─── Data for processing ───

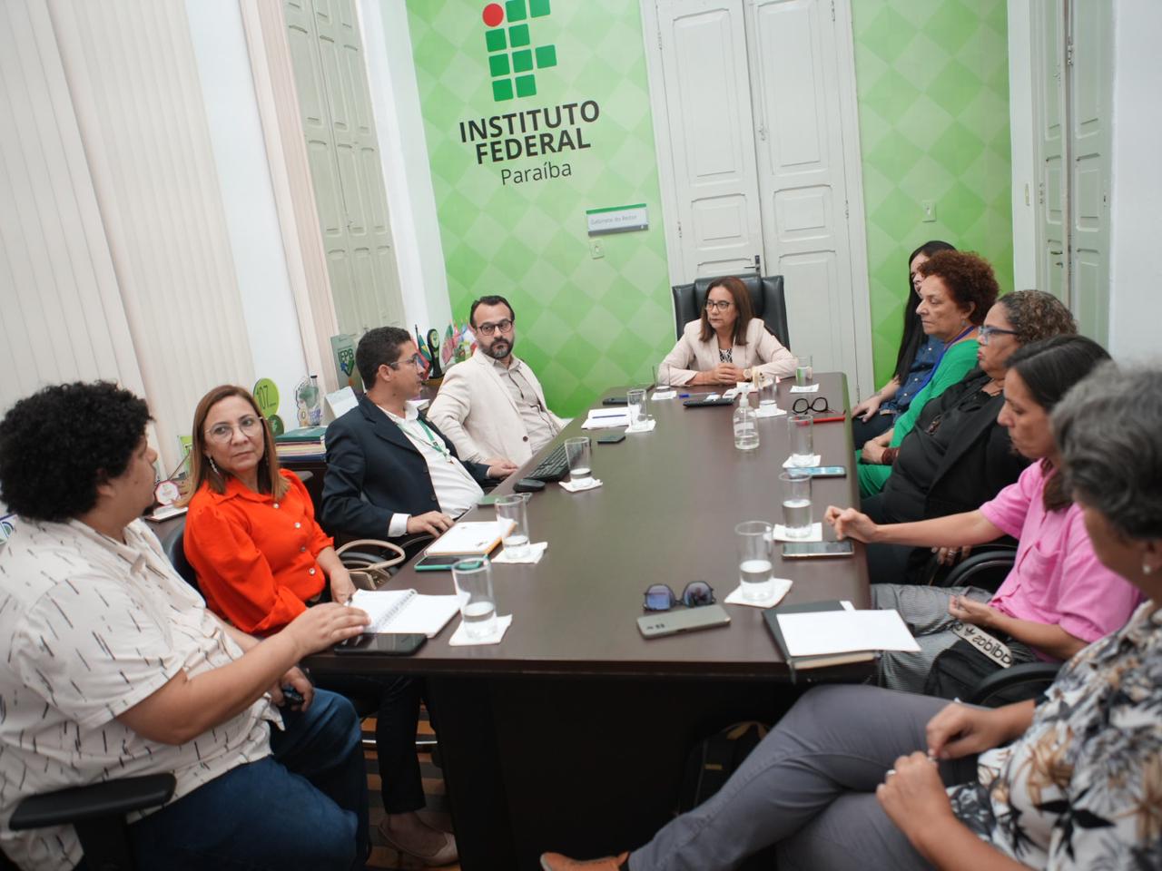 A reitoria do Instituto Federal da Paraíba recebeu nesta segunda-feira, à tarde, a visita de gestores do Ministério da Cultura (Minc), e de produtores, pesquisadores e gestores do meio cultural no estado. A reitora Mary Roberta Marinho, a pró-reitora de Extensão e Cultura, Josi Batista, e o diretor de Cultura, Erivan Lopes Tomé Junior, se reuniram com o secretário executivo adjunto do MinC, Cassius Rosa; a coordenadora do Escritório do MinC na Paraíba, Rejane Nóbrega, a analista do Escritório do MinC-PB, Raisa Agra; além dos membros do Fórum de Produção Cultural da Paraíba, Alexandre Santos, além de Kátia Regina, Bárbara Duarte Lira e Dina Faria.
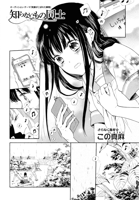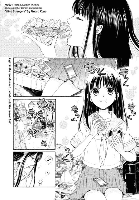 | “Maasa Kono stole the 14th round of Manga Audition with her brilliant powers of expression! The Editorial Team was amazing by her artistic ability and powers of expression. The work "Kind Strangers" is a tale of how two complete strangers are connected through an act of kindness.” | |
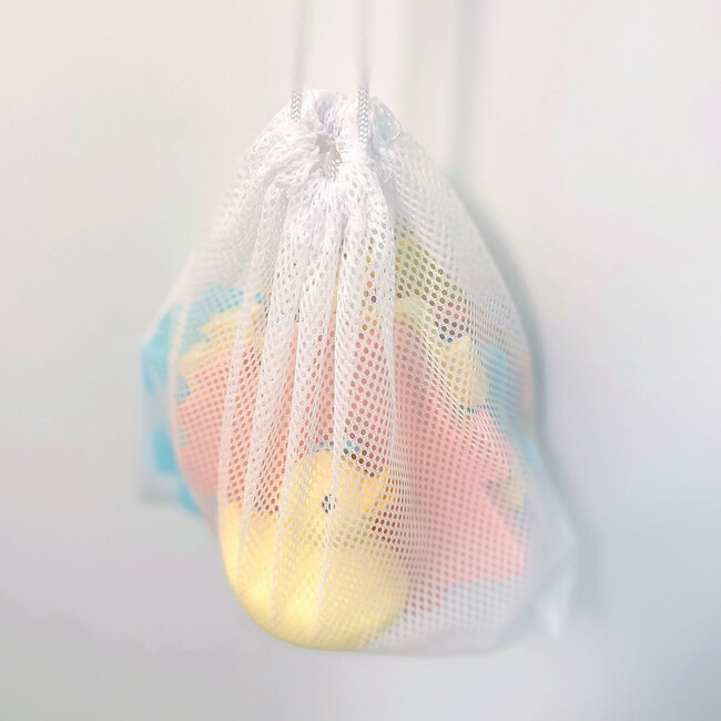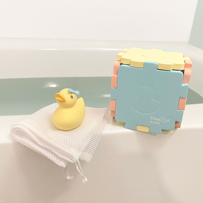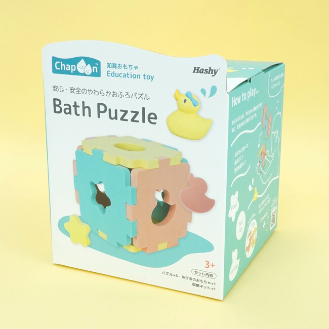 小さなお子様でもお風呂で安心してお使いいただける、軽くてソフトな触り心地のパズル(6枚入)とあひるのおもちゃ、保管に便利な収納ネットがセットに!
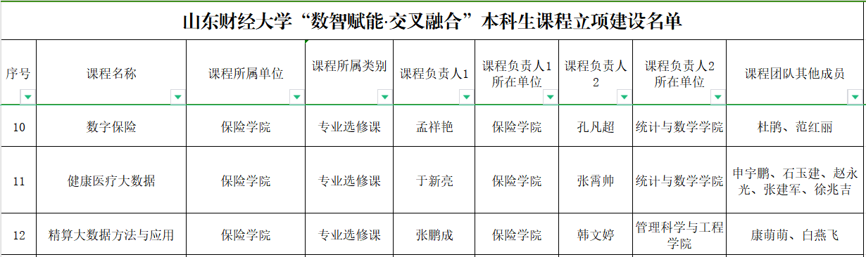 根据《关于开展雷速体育 “数智赋能·交叉融合”本科生课程立项建设工作的通知》的要求,学校组织专家对各学院(部)推荐参评的课程及申报材料进行了严格、公正的审核与评议。根据评审结果,确定立项建设50门“数智赋能·交叉融合”本科生课程。其中,我院教师于新亮申报的《健康医疗大数据》、张鹏成申报的《精算大数据方法与应用》和孟祥艳申报《数字保险》成功入选。
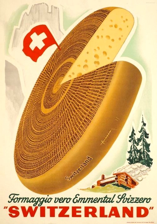 (#5) 1948 advertising poster, artist not knownSwiss cheese is a generic name in North America for several related varieties of cheese, mainly of North American manufacture, which resemble Emmental cheese, a yellow, medium-hard cheese that originated in the area around Emmental, in Switzerland. (from Wikipedia)
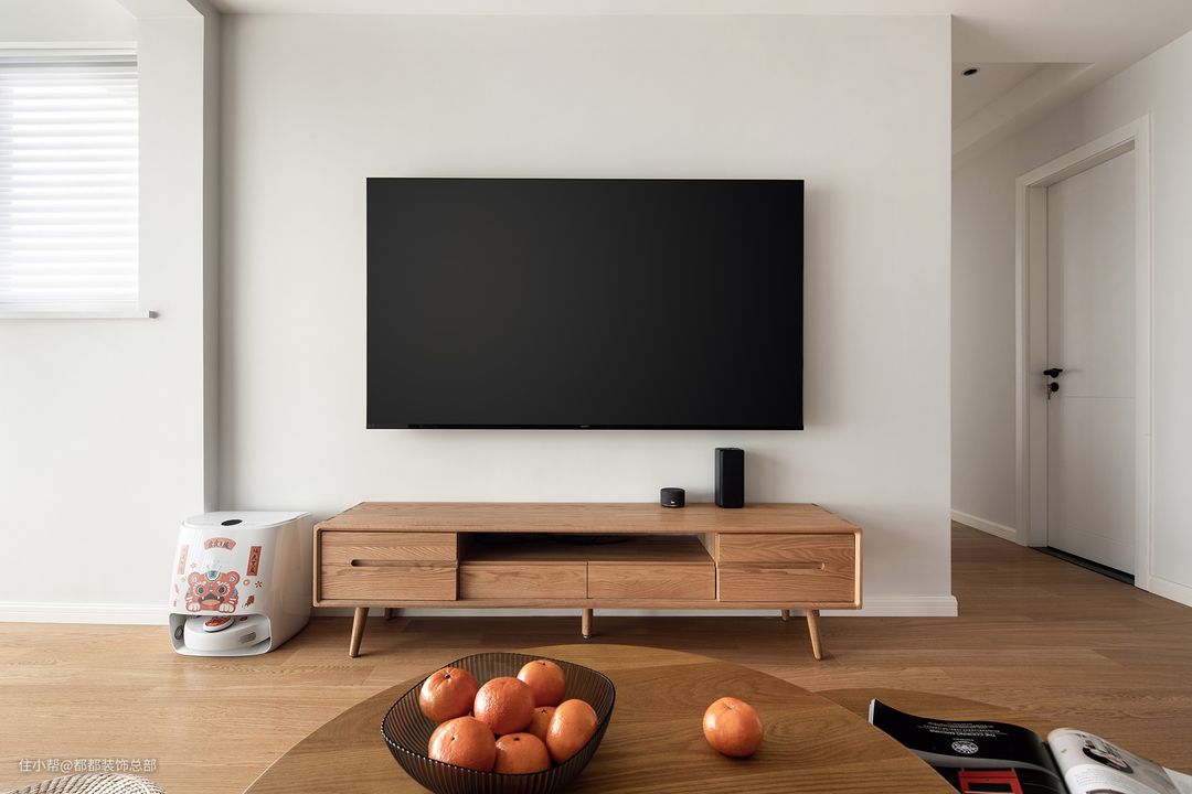 与其搞的花里胡哨,有时候还不如简简单单的大白墙,喜欢日式的,可以加上原木电视柜与绿植,感觉立刻就不一样了!
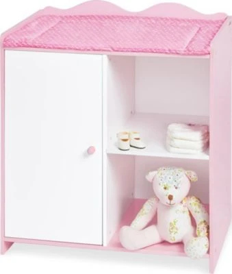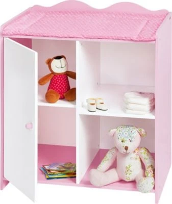 • 1 Einlegeboden, 1 Tür, 2 offene Fächer, Inkl. Wickelauflage ‚Kleine Herzen‘, rosa, konform mit europäischer Spielzeug-Norm
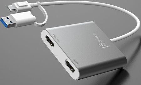 Адаптер JCA365 USB-C® до Dual HDMI™ Multi-Monitor Adapter діє як зовнішня відеокарта для ноутбуків MacBook® або Windows®. Він дозволяє підключити два додаткові дисплеї через порт USB-C®, підвищуючи продуктивність роботи завдяки збільшенню робочої області екрана. Один з портів HDMI™ підтримує роздільну здатність до 4K, а інший — до 2048 x 1152.

───

[Exercise instructions]
All of the material above is to be retyped exactly, with no pictures included.

[Task solution]
 A reitoria do Instituto Federal da Paraíba recebeu nesta segunda-feira, à tarde, a visita de gestores do Ministério da Cultura (Minc), e de produtores, pesquisadores e gestores do meio cultural no estado. A reitora Mary Roberta Marinho, a pró-reitora de Extensão e Cultura, Josi Batista, e o diretor de Cultura, Erivan Lopes Tomé Junior, se reuniram com o secretário executivo adjunto do MinC, Cassius Rosa; a coordenadora do Escritório do MinC na Paraíba, Rejane Nóbrega, a analista do Escritório do MinC-PB, Raisa Agra; além dos membros do Fórum de Produção Cultural da Paraíba, Alexandre Santos, além de Kátia Regina, Bárbara Duarte Lira e Dina Faria.
 | “Maasa Kono stole the 14th round of Manga Audition with her brilliant powers of expression! The Editorial Team was amazing by her artistic ability and powers of expression. The work "Kind Strangers" is a tale of how two complete strangers are connected through an act of kindness.” | |
 小さなお子様でもお風呂で安心してお使いいただける、軽くてソフトな触り心地のパズル(6枚入)とあひるのおもちゃ、保管に便利な収納ネットがセットに!
 根据《关于开展雷速体育 “数智赋能·交叉融合”本科生课程立项建设工作的通知》的要求,学校组织专家对各学院(部)推荐参评的课程及申报材料进行了严格、公正的审核与评议。根据评审结果,确定立项建设50门“数智赋能·交叉融合”本科生课程。其中,我院教师于新亮申报的《健康医疗大数据》、张鹏成申报的《精算大数据方法与应用》和孟祥艳申报《数字保险》成功入选。
 (#5) 1948 advertising poster, artist not knownSwiss cheese is a generic name in North America for several related varieties of cheese, mainly of North American manufacture, which resemble Emmental cheese, a yellow, medium-hard cheese that originated in the area around Emmental, in Switzerland. (from Wikipedia)
 与其搞的花里胡哨,有时候还不如简简单单的大白墙,喜欢日式的,可以加上原木电视柜与绿植,感觉立刻就不一样了!
 • 1 Einlegeboden, 1 Tür, 2 offene Fächer, Inkl. Wickelauflage ‚Kleine Herzen‘, rosa, konform mit europäischer Spielzeug-Norm
 Адаптер JCA365 USB-C® до Dual HDMI™ Multi-Monitor Adapter діє як зовнішня відеокарта для ноутбуків MacBook® або Windows®. Він дозволяє підключити два додаткові дисплеї через порт USB-C®, підвищуючи продуктивність роботи завдяки збільшенню робочої області екрана. Один з портів HDMI™ підтримує роздільну здатність до 4K, а інший — до 2048 x 1152.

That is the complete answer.